Yes, those things sound good. And they make us feel good. But are they right for you? Are they right for your friends? Are they right for your kids?

And if you’ve already done all this and you’re looking back at your experience as a youth, would you agree with what people told you?

Living, working, studying, and making meaning in the US is not *quite* the same as in the UK, Africa, or anywhere else in the world. And the only real differences that matter, can only be told by people who have gone through the exact same thing.

Eugene Baah has had 30 years to reflect on this. He went from living in poverty-ridden government housing in the UK, to learning from his mother from Ghana, to playing for the British Nationals and junior Olympics, to entering the Ivy Leagues, to working with Philadelphia 76ers, Slack, Microsoft, and Afriex, to then becoming a proud father of 5 (yes, FIVE!),

Listen to this episode if you’re curious to find out about what it’s really like to be living, working studying, and making meaning in the US versus UK. And about the only real differences that matter after a 30-year self-examination.

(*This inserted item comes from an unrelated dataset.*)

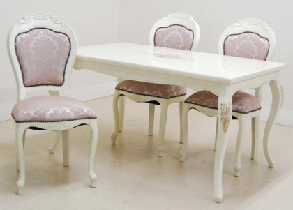 ホワイト塗装フラワーペイント仕上げファブリック:ピンクテーブルx1台チェアーx4脚

In case you’re out and about without WiFi later, download this episode now.

Music: Silhouettes by Tobias Voigt (License code: 8IDBGGC5WXLDYLAU)

Previously:

The firm non-secret to being enough: An engine-room look at surviving what we create

In this episode:

From wanting brand-name corn flake cereals in the UK to thanking mother in the US [A journey]

The 1-mile Perspective Shift: Squatting in ditch, fetching water from the river, and being jeered at for being spoiled

Long distance relationships: What non-residents really think of UK and US

Mother Ship and Ownership: Buying a house in the UK with humble amounts, and then moving to the US

An eye-opener: “It wasn't until I got to America when I realized what I didn't have.”

Is it easier to be motivated when you don’t already have something?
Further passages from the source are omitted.